My eyes search his for any indication of… “Kennedy, where’s your brother?”

  She looks around the vicinity and comes up short. “He was right behind us.” She lets go of Brandon’s hand and runs back to the freezer section. I’m right on her heels.

  He’s not where she left him. We scour the aisles, yelling out his name. Causing a panic all around. Brandon is with us. Both of us were so caught up in our brief reunion that everything else was forgotten, including my kids.

  “Is this who you’re looking for?” a young guy in black pants and a green shirt asks shoving a four-foot something in our direction with chocolate smeared across his face.

  “Mommy, look what I got.” He holds his hand out with remnants of what was once a candy bar.

  “Thank you.” I nod at the grocery store employee.

  I reach inside my purse and pull out a pack of hand wipes. “Clean your hands before you get any more of that goo on your clothes.”
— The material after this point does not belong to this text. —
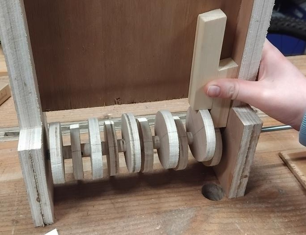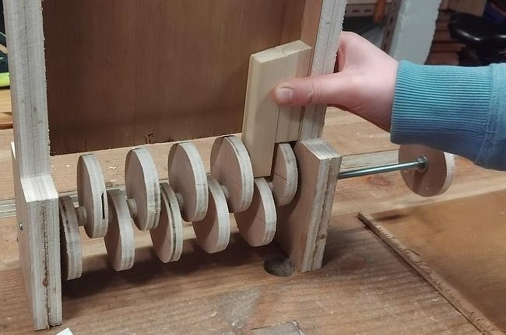 Le principe est de transformer le mouvement circulaire de la manivelle en mouvement linéaire, à l'aide de cames.
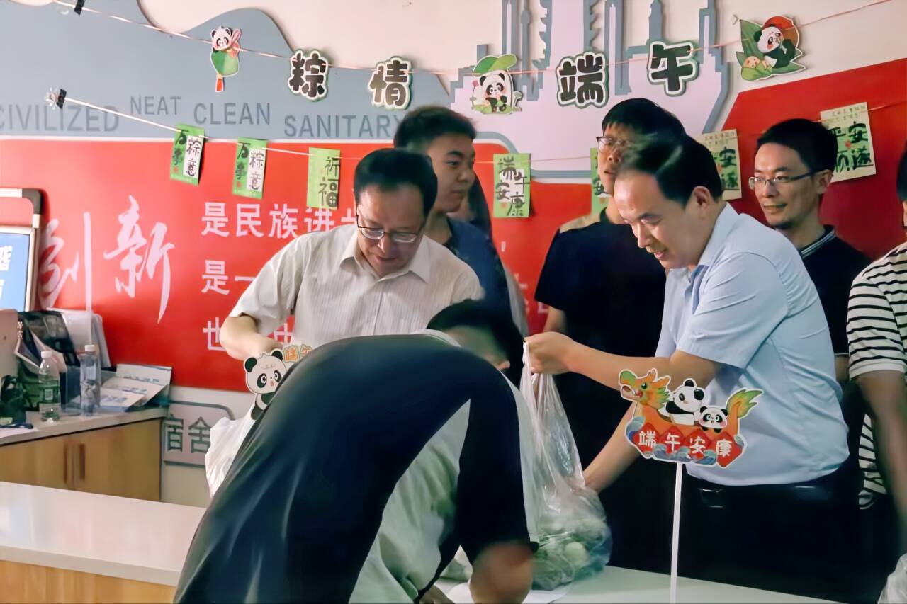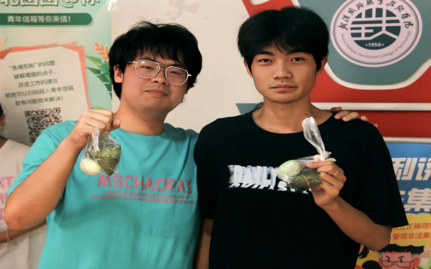 在学生社区,粽子发放工作安排有序,秩序井然,同学们领到来自学校的端午问候,现场一片温馨热闹的景象。彭校长一行与8栋430宿舍全体同学共进午餐,席间详细倾听同学们的在校感受及成长经历。来自铁道供电32401班的秦同学讲述了他的成长故事,来自四川的他从小生长在农村,来到武汉铁院后,他深刻感受到学校、学院对贫困生的关心爱护。作为团支部书记,他有信心带领班级同学团结向上,为就业打好坚实基础。领导们鼓励他放下思想包袱,学校始终是其坚强后盾。

  “And get it off your face, silly,” his sister adds.

  “That’s why you didn’t get any candy, silly,” he retorts.

  Brandon watches us without saying anything. His eyes stay on EJ. I’m sure his mind is on his son, probably on the family he should have. He blinks away the memories.

  “Mr. Carter, is Mr. Carter still going to teach?”

  Her teacher didn’t make it back by the time school ended for the year. There was talk that he was supposed to be coming back when the new year started. From the frown that crosses Brandon’s face, I guess that was just talk.

  “I’m not so sure, young lady.”

  “I hope he does. I want him to be EJ’s teacher.”

  EJ chimes in. “Yeah, me too.”

  I can see discomfort in Brandon’s face. I mouth the words, “Are you okay?”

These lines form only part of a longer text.